Тогда И. А., как «язычник» так он про себя выразился сам, спросил у него:
А скажите, пожалуйста, Алексей Иванович, сколько грамот было у Вас для этого исследования?
Змеиный вопрос, (И. А. представил, как Соболевский, заикаясь, прошипел эту фразу, и при этом заметил: Ну, вы ведь знаете, что Алексей Иванович вообще человек довольно свирепый!), сами знаете, что две!
Ну, а при двух грамотах (это уж И. А. объяснял нам) как же можно считать вопрос доказанным? Вы же сами понимаете, что эти грамоты могли быть написаны писцом, которых [так!] князь привозил с собой обыкновенно из Киева. Здесь еще следует доказать прежде, какой писец, местный смоленский или киевский, их писал, чтобы установить, влияние языка какой местности в них отразилось.
Ну а после меня, продолжал И. А. свой рассказ, поднялся С. Ф. Платонов, да уже как историк, понимаете, его спрашивает: «А скажите, Алексей Иванович, где сказано об этом в летописях?» Ну а в летописях, вы же знаете сами, ничего не говорится о том, что в Смоленской и Ярославской областях были кривичи. После встает Середонин и уже как до некоторой степени изучавший географию древней Руси спрашивает: «Не укажете ли мне, Алексей Иванович, общих географических названий в этих двух местностях, как мы это видали в других случаях, когда один народ переходил на новое место и переносил туда свои старые названия?» После Середонина, понимаете
ли, встал Спицын; тот, знаете ли, археолог, да и тоже: «Насколько мне известно, Алексей Иванович, и различные обычаи и обряды, вот погребения, например, совершались у них по-разному». Тут уж, понимаете ли, Соболевский не выдержал да как набросится на нас: «Да что я вам, волк, в самом деле, что вы на меня как собаки все напали!..» Мы, понимаете ли, все как один так и рассмеялись, и необыкновенно редкий и счастливый случай рассмеялся и сам Соболевский.
Да, не всегда так мирно кончаются научные дебаты, знаете ли! закончил И. А. свой рассказ. Мне он очень понравился, и воображаю себе ярость Соболевского и его шипение: «Змеиный вопрос!» А Платонов таки свой, верно, и предложил по-змеиному, он на это мастер! Шляпкин слишком добродушен, и он может предложить ядовитый вопрос, но тон у него не может быть, мне кажется, ядовитым.
Сейчас заходила ко мне Lusignan и рассказывала о своих делах в обществе ориенталистов . Воображаю ее, одну женщину среди этих 55 мужчин, совсем не привыкших к подобному появлению. Да еще когда председатель посадил ее рядом с собой за стол, и ей пришлось излагать свое дело и затем его отстаивать. Воображаю! Она говорит, что там члены все дипломаты, ну или из дипломатического корпуса, во всяком случае.
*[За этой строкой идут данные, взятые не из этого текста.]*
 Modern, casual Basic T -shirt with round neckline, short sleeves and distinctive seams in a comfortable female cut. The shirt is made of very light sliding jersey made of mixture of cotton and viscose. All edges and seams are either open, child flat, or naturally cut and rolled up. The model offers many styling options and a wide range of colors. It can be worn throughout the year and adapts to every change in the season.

Сегодня получила от Пругавина приглашение прийти к нему завтра (четверг приемный его день) прочесть свою рукопись. Вот положение!!
Что ж делать! Пойду, только нарочно пораньше, пока у него еще никого не будет.
Неужели действительно я завтра засяду за экзамен и сдам его 12го, жульническим манером, понятно? Но тогда начатая вчера вещь, наверное, останется недоконченной и прощай, вольная жизнь! А также и дневник
Сейчас прочла исповедь протопопа Аввакума и не могу понять, как могло сложиться такое общераспространенное мнение об его упорстве, тупом фанатизме и непримиримой ненависти ко всем «инако верующим»? По-моему, более кроткого и всепрощающего существа трудно найти среди раскольников, а если бы он не был фанатиком, каким же был бы он расколоучителем, и проповедником вообще?
Тупости тоже в нем нет, т. к. его автобиография обнаруживает в нем человека с чуткой душой и тонким пониманием даже красот природы. Изложение же показывает человека, наделенного литературным даром. Правду говорил Тургенев, что русским людям следовало бы поучиться у Аввакума чистоте русского языка ; хороший язык, образный, а эпический тон всего повествования придает особый, кроткий и умиротворяющий колорит всем рассказам о мучениях и избиениях (чуть ли не на каждой странице его бьют), которым был подвергнут несчастный протопоп со своей протопопицей.